The regulations also clarify which payment types should be supported via open banking APIs. These include standing orders, single payments, future-dated payments, and bulk payments. This means that fintechs should be able to offer the same payment services across the EU.
What to watch: While the proposals go a long way towards clearly defining the scope of open banking as mandated by law, there are still references to “parity”, which is the requirement for open banking APIs to meet, at a minimum, the standard in the bank’s customer interface. This is referenced in particular to availability and performance levels and the data available in AIS. This creates inconsistency at the individual bank level in what can be offered to end users, making it harder for fintechs to innovate and meaning that inevitably some consumers will lose out. As this legislation evolves we hope to see a more explicit baseline, helping to drive consistency and a clear delineation between the regulated and therefore “free” space and the commercial space.
Innovation will be in the commercial space
PSD3 maintains prohibition of contracts, but clearly spells out that innovation will be left to the market. With initiatives such as the EPC’s SEPA Payment Account Access (SPAA) scheme we will hopefully see developments such as Dynamic Recurring Payments (VRP to those of you in the UK). The EPC has published version 1.1 of the rulebook, which defines the minimum viable product (MVP), but the commercials still need to be agreed.

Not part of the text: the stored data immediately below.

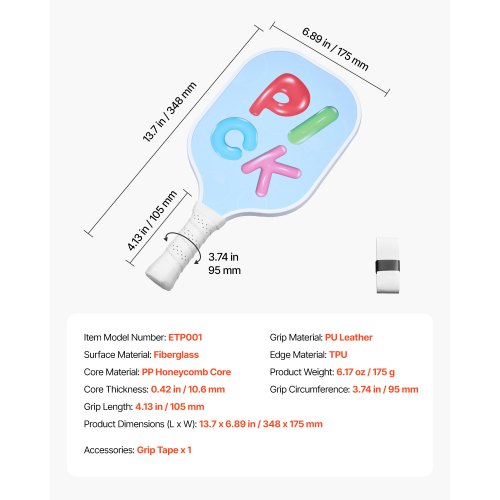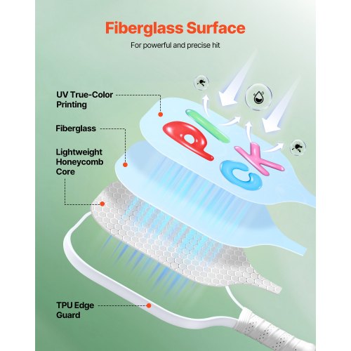 VEVOR - Pala de Pickleball para Niños, Ligera, con Agarre Pequeño y Diseño Bonito, de Fibra de Vidrio y Núcleo de Panal, para Niños, Jóvenes, Niños y Niñas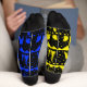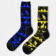 Nordic Sweater pattern of bright yellow on one sock and deep purple blue on the other sock of silhouettes of winter animals on black featuring a polar bear family, the stag deer and the arctic fox.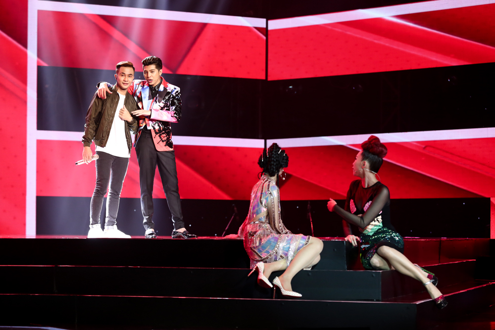 Trước màn “đấu đá” nảy lửa của 3 gương mặt trẻ trên ghế nóng, HLV Thu Minh dù mong muốn đứng ra dẹp loạn cũng không thể vượt qua sự máu lửa của đàn em. Kết quả, mặc dù yêu thích và mong muốn theo đuổi hình tượng của Noo Phước Thịnh, Tuấn Phong đã quyết định đầu quân về đội Tóc Tiên.
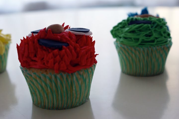 Heehee! I loved how these Coco Cake created nutbars turned out. As I handcut each little fondant eyeball and made the beaks and such for Big Bird and piped all their different types and colours of hairiness, in assembling them, I just couldn’t help but make little conversations up between them all. And of course I was thinking about this hee-larious video of Bert and Ernie doing gangsta rap that someone sent me a while back… go HERE to view! I made these for my wonderful dentist’s niece and nephew who were up visiting from the States.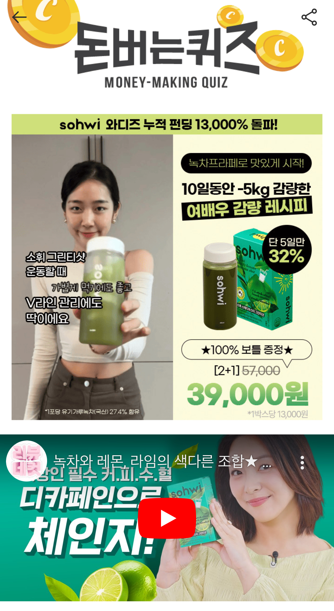 캐시워크 돈버는퀴즈 정답 소휘 그린티샷
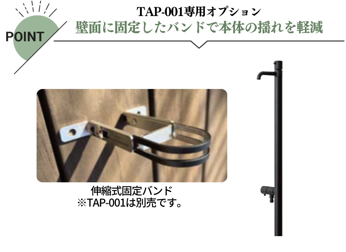 TAP-001のデザイン性を損なわずに、設置時の安定感を高めたい方におすすめの専用バンドです。ステンレス製で錆びにくく、ブラックのカラーが立水栓と統一感を演出。壁面にしっかり固定することで、本体の揺れやぐらつきを軽減します。シンプルながらも仕上がりに差が出る、安心感あるオプションです。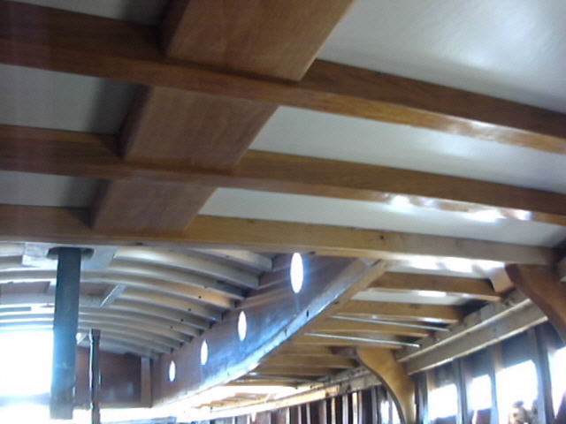 The sixty original steam bent white oak 2"x2" ribs as well as the butt blocks were fastened to the hull with the iron clinch nails pictured above. All the frames and butt blocks had rotted due to the tannic acid in the oak reacting to the iron. The replacement of these rotten frames was made possible by the fifty steam bent oak frames installed by GANNON & BENJAMIN, Boat-Works in Vineyard Haven MA during Bob Sanborn's restoration.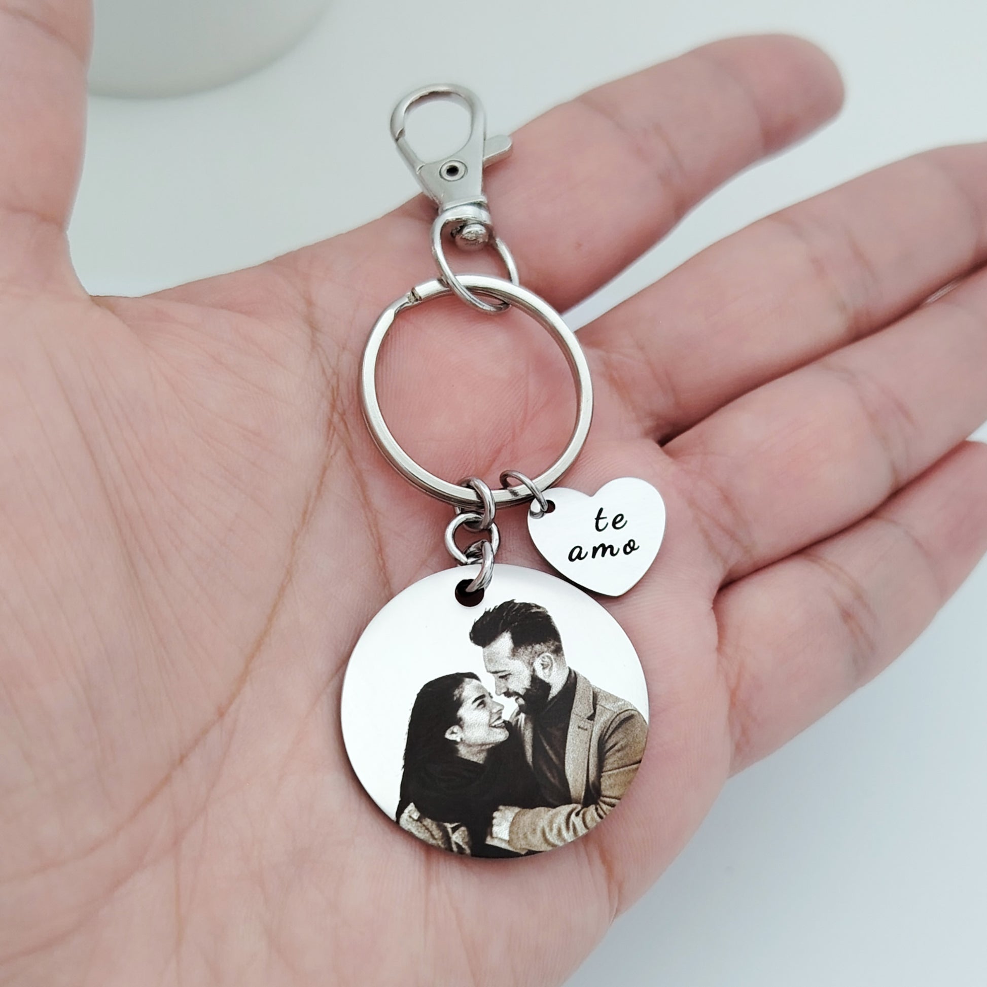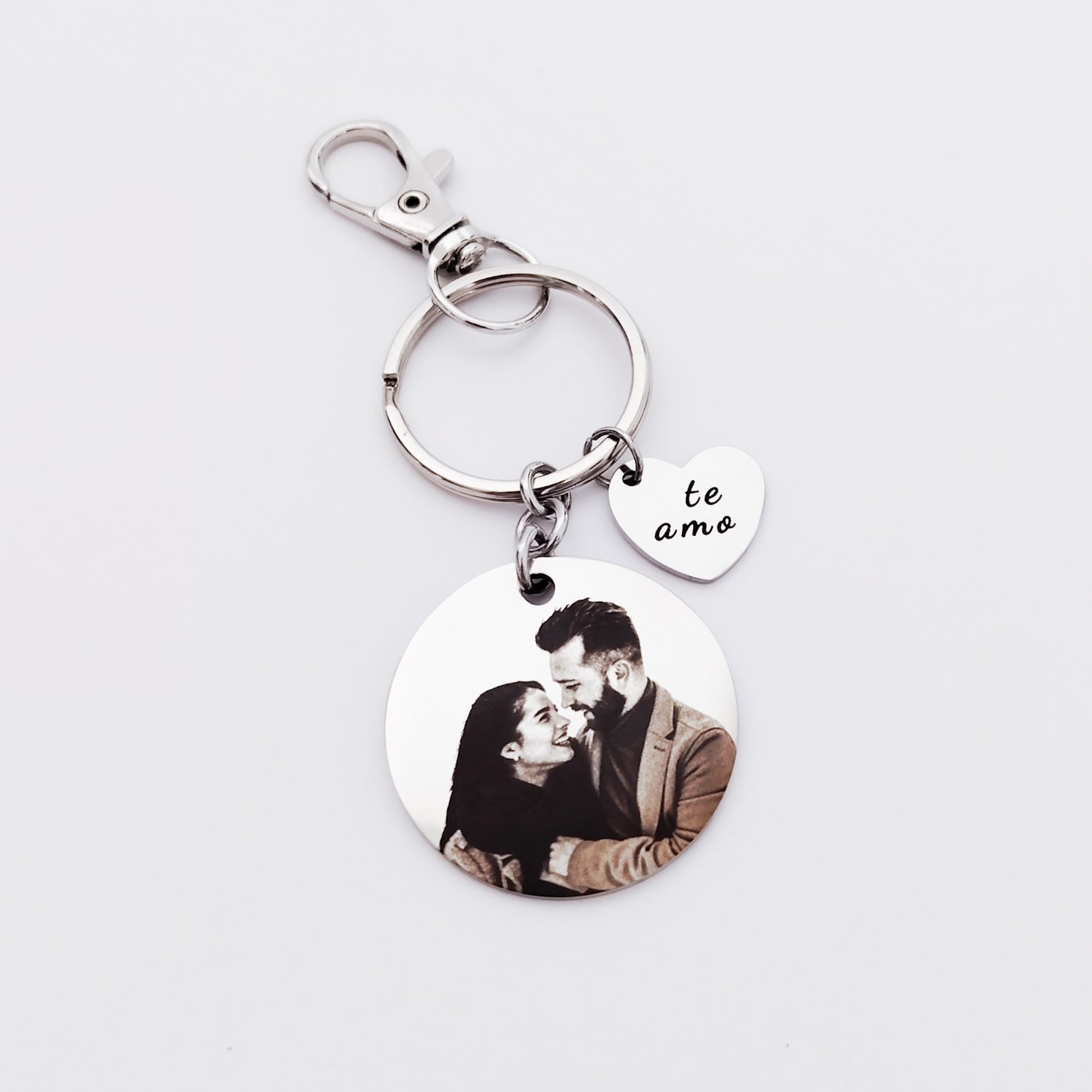 Llavero medalla con foto y dije corazón

The Financial Data Access (FIDA) proposal builds on this concept of schemes for the development of open finance. These “Financial Data Sharing Schemes” will be expected to create common standards and contractual frameworks, and determine compensation for data holders. It’s great to see as part of this a concerted effort to create harmonisation across member states, and also clarification on what data can be accessed, including pensions, investments, mortgages, certain types of insurance and data for credit worthiness.
What to watch: For TPPs to participate in Financial Data Sharing Schemes they will need to be authorised as Financial Information Service Providers (FISPs). FISPs will be required to conform to the Digital Operational Resilience Act (DORA) and cybersecurity standards, among other things, and should be at least equivalent to the requirements for Account Information Service Providers (AISPs). Indeed, the Commission envisions migrating AISPs from PSD3 to FIDA at some point in the future (at least four years post implementation). However, this is problematic as it implies that open finance is being seen as a “read-only” capability. We should be learning from our open banking experience, and the experiences of similar open finance and open data implementations across the globe, that combining write access with read access, such as the ability to make payments or open and close accounts, is key to innovation and adoption.
Final thoughts
All together these three proposals are nearly 250 pages and there’s a lot to unpack. There was much that, in this brief blog post, we couldn’t address, including the details of the changes to licensing and supervisory regimes, changes to enforcement and the strengthening of fraud protections, all important issues that need to be agreed.
The deadline for this package becoming law is April next year, as Parliament will be dissolved in advance of the European elections in June 2024. Now is when the work starts towards promoting a better future for open banking and open finance, with a more consistent experience across the EU and strong incentives for innovation - powering better experiences for financial services, which ultimately benefits consumers and businesses across the EU.